Salmononia: or Days of Fly Fishing, first published in 1809 by the Cornish chemist and inventor Humphry Davy (1778-1829), is one of the most collectable of angling books from the early nineteenth century.  It was dedicated to the Irish physician and mineralogist, William Babington, a longstanding friend of Davy and a fellow founder of the Geological Society of London in 1807.

The book, written while Davy was ill, takes the form of a series of discussions between four imaginary characters: Halieus, the accomplished fly fisher; Ornither, a county gentleman who has done a little fishing; Poietes, a fly-fishing nature-lover; and Physicus a natural philosopher who has never fished. 

John Davy, in his Memoirs of the Life of Humphry Davy, paints a wonderful picture of his brother on the river:

"I am sorry I have not a portrait of him in his best days in his angler’s attire.  It was not unoriginal, and considerably picturesque – a white, low-crowned hat with a broad brim; its under surface green, as a protection from the sun, garnished, after a few hours’ fishing, with various flies of which trial had been made, as was usually the case; a jacket either grey or green, single-breasted, furnished with numerous large and small pockets for holding his angling gear; high boots, water-proof, for wading, or more commonly laced shoes; and breeches and gaiters, with caps to the knees made of old hat, for the purpose of defence in kneeling by the river side, when he wished to approach near without being seen by the fish; such was his attire, with rod in hand, and pannier on back, if not followed by a servant, as he commonly was, carrying the latter and a landing net."

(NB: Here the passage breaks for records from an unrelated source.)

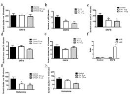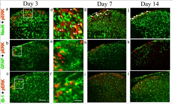 图解:首次证明 pERK 在慢性痒模型小鼠的脊髓背角神经元中持续表达(上);组胺H4受体拮抗剂而非H1受体拮抗剂抑制慢性痒行为和脊髓pERK的表达(下)。
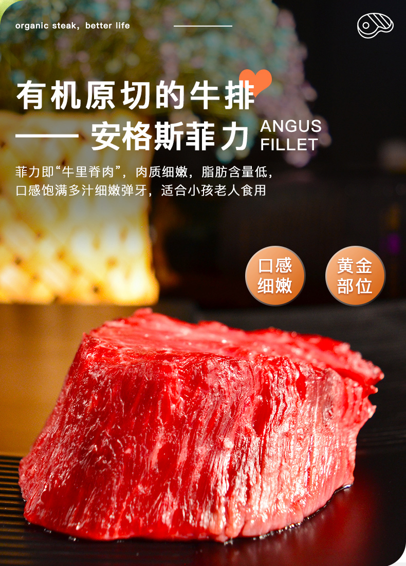 【小区直配】国产新疆天莱香牛安格斯有机鲜菲力牛排A
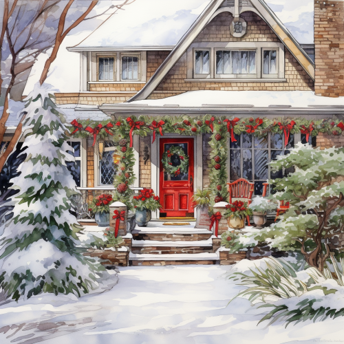 front porch garden, decorated for Christmas, done in a blend of natural history and botanical illustration styles, --ar 1:1
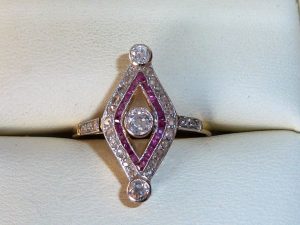 H623 18ct gold and platinum calibrated ruby and diamond marquise ring c1910 Band C
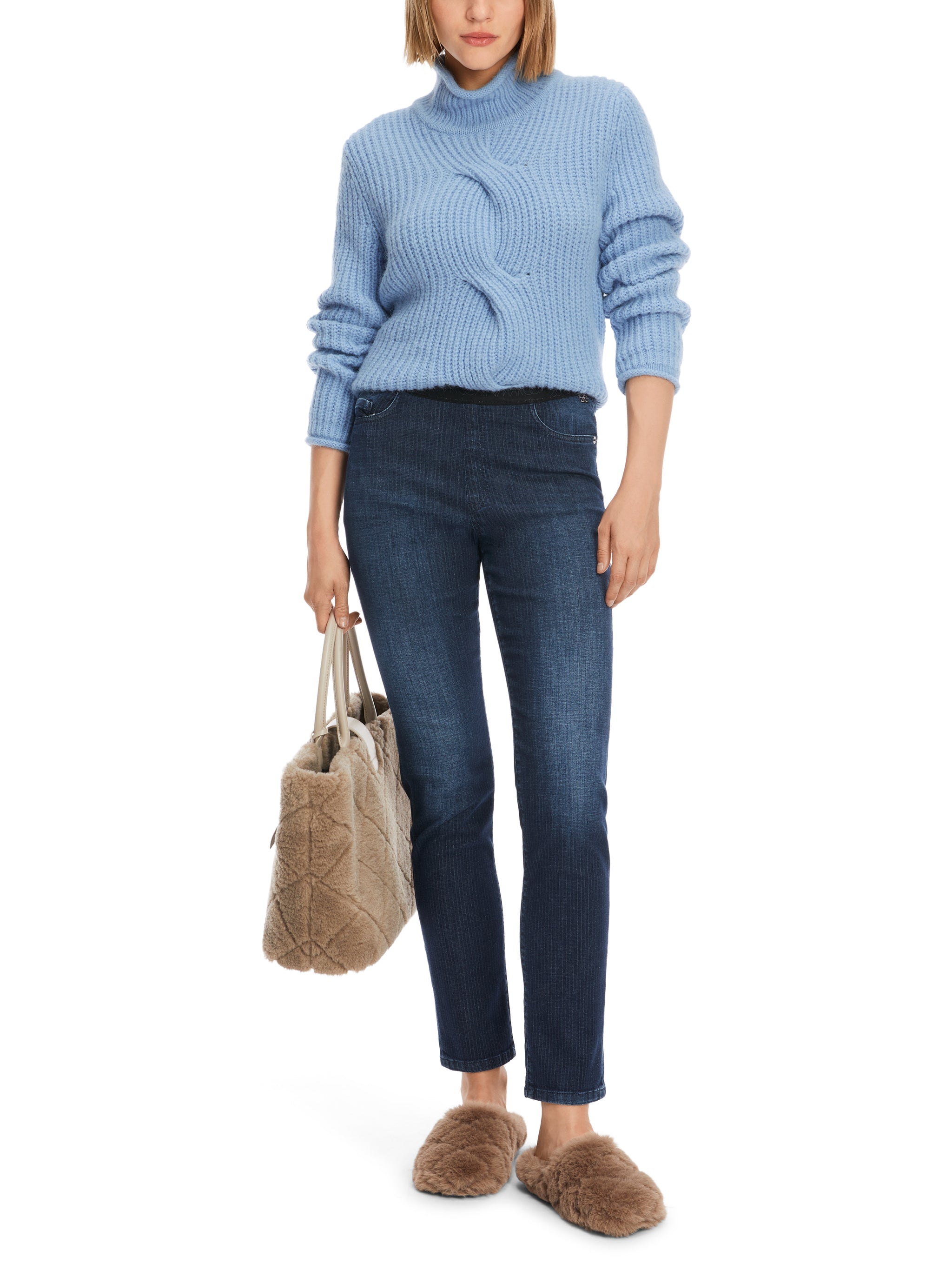 Modell SIENA ist eine schmal geschnittene Schlupfhose mit Gummibund. Sie ist im Stil einer Five-Pocket Jeans geschnitten und hat ein körpernahes, leicht verkürztes Bein. Der Denim ist tonig gestreift und hat einen authentischen Abrieb an beanspruchten Stellen. Der samtweiche Cottonstretch verleiht der Hose einen super Komfort und einen ausgezeichneten Rücksprung, d.h., sie behält ihre Form. Ein cooles Wohlfühlteil für Freizeit und Urlaub.

Humphry Davy admits that Salmononia was inspired by ‘recollections of real conversations with friends’ and John’s memoir revealed that Halieus was inspired by William Babington.  But whose conversations inspired the other characters?

Two friends of both Davy and Babington that must be strong contenders are William Nicholson (1753-1815) and Anthony Carlisle (1768-1840).  They are best known for their decomposition of water into hydrogen and oxygen by electrolysis, achieved in 1800 with a copy of Alessandro Volta’s recently invented pile – a discovery which so excited Davy that he wrote that: ‘An immense field of investigation seems opened by this discovery: may it be pursued so as to acquaint us with some of the laws of life!’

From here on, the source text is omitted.